Details
- Precursor: Intraembryonic coelom

Identifiers
- Latin: cavitas peritonealis, saccus serosus peritonei
- MeSH: D010529
- TA98: A10.1.02.001
- TA2: 3702
- TH: H3.04.08.0.00011
- FMA: 14704

= Peritoneal cavity =

Empty space between parietal and visceral layers of peritoneum

The peritoneal cavity is a potential space located between the two layers of the peritoneum—the parietal peritoneum, the serous membrane that lines the abdominal wall, and visceral peritoneum, which surrounds the internal organs. While situated within the abdominal cavity, the term peritoneal cavity specifically refers to the potential space enclosed by these peritoneal membranes. The cavity contains a thin layer of lubricating serous fluid that enables the organs to move smoothly against each other, facilitating the movement and expansion of internal organs during digestion.

The parietal and visceral peritonea are named according to their location and function. The peritoneal cavity, derived from the coelomic cavity in the embryo, is one of several body cavities, including the pleural cavities surrounding the lungs and the pericardial cavity around the heart.

The peritoneal cavity is the largest serosal sac and fluid-filled cavity in the body, it secretes approximately 50 mL of fluid daily. This fluid serves as a lubricant and has anti-inflammatory properties. The cavity is divided into the greater and lesser sacs, with the greater sac further subdivided into the supracolic and infracolic compartments.

==Compartments==

The peritoneal cavity is divided into the greater and lesser sacs. The greater sac comprises the majority of the peritoneal cavity, while the lesser sac, also known as the omental bursa, is smaller and situated posterior to the stomach and lesser omentum. They are connected by the omental foramen.

The greater sac is further subdivided into two compartments by the mesentery of the transverse colon, known as the transverse mesocolon. This division creates an upper and a lower compartment within the greater sac, named the supracolic and infracolic compartment respectively, each housing different organs and structures of the abdominal cavity.

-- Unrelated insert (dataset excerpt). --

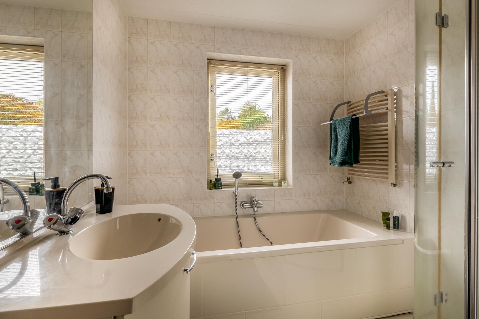 Op de eerste verdieping zijn nu twee kamers ingericht, waarvan de grote slaapkamer toegang heeft naar het ruime dakterras. Deze verdieping is eenvoudig weer terug te brengen naar de oorspronkelijke indeling met drie (slaap)kamers. De badkamer is functioneel ingedeeld met een ligbad, aparte douche, wastafel en een raam voor natuurlijke ventilatie.

The liver, spleen, stomach, and lesser omentum are contained within the supracolic compartment. The small intestine surrounded by the ascending, transverse, and descending colon, and the paracolic gutters are contained within the infracolic compartment.

== Clinical significance ==
The peritoneal cavity is widely used in intraperitoneal injections to administer chemotherapy drugs, and is also utilized in peritoneal dialysis. An increase in capillary pressure in the abdominal organs can cause fluid to leave the interstitial space and enter the peritoneal cavity, resulting in a condition called ascites. When cerebrospinal fluid overaccumulates, such as in hydrocephalus, the fluid is commonly diverted intentionally to the peritoneal cavity using a surgically placed cerebral shunt. Sampling of body fluid from the peritoneal cavity is referred to as peritoneocentesis.